**SUPPLIED DATA**:

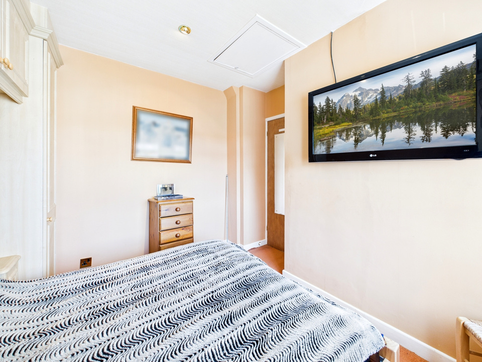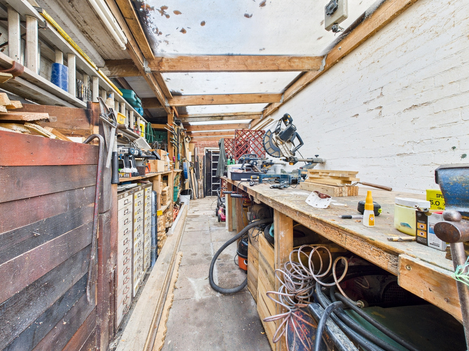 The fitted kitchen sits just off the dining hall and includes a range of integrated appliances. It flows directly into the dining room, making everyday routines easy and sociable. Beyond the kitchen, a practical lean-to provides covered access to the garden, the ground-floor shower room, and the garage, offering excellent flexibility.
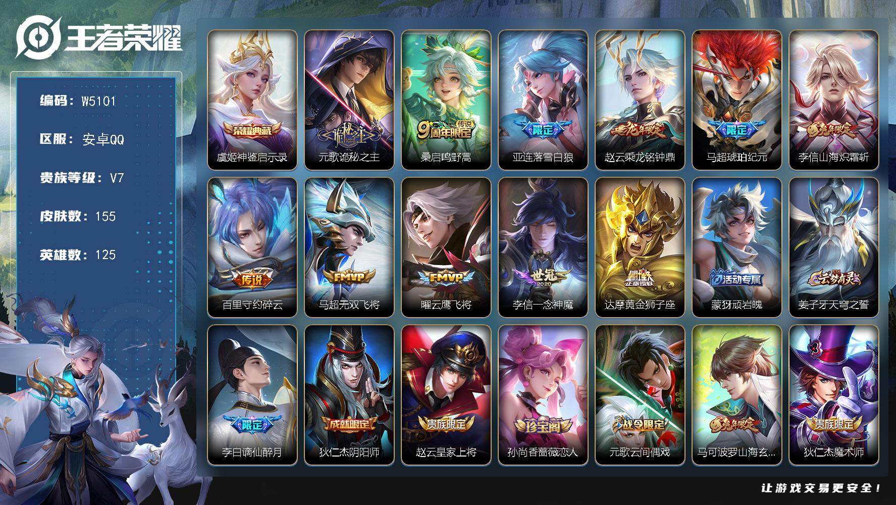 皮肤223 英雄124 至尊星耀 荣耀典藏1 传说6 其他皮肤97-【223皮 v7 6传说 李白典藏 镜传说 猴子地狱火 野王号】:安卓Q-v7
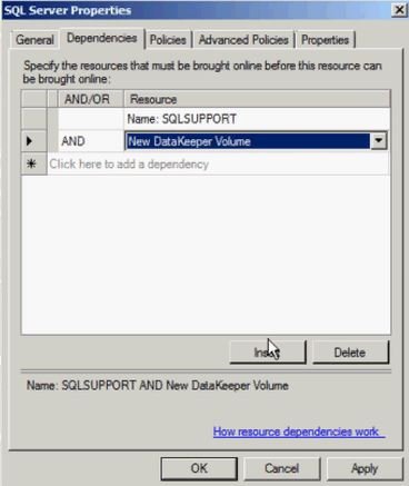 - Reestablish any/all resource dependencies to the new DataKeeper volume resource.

**TASK PROMPT**:
Your task is to repeat the material above exactly, without its pictures.

**EXERCISE SOLUTION**:
 The fitted kitchen sits just off the dining hall and includes a range of integrated appliances. It flows directly into the dining room, making everyday routines easy and sociable. Beyond the kitchen, a practical lean-to provides covered access to the garden, the ground-floor shower room, and the garage, offering excellent flexibility.
 皮肤223 英雄124 至尊星耀 荣耀典藏1 传说6 其他皮肤97-【223皮 v7 6传说 李白典藏 镜传说 猴子地狱火 野王号】:安卓Q-v7
 - Reestablish any/all resource dependencies to the new DataKeeper volume resource.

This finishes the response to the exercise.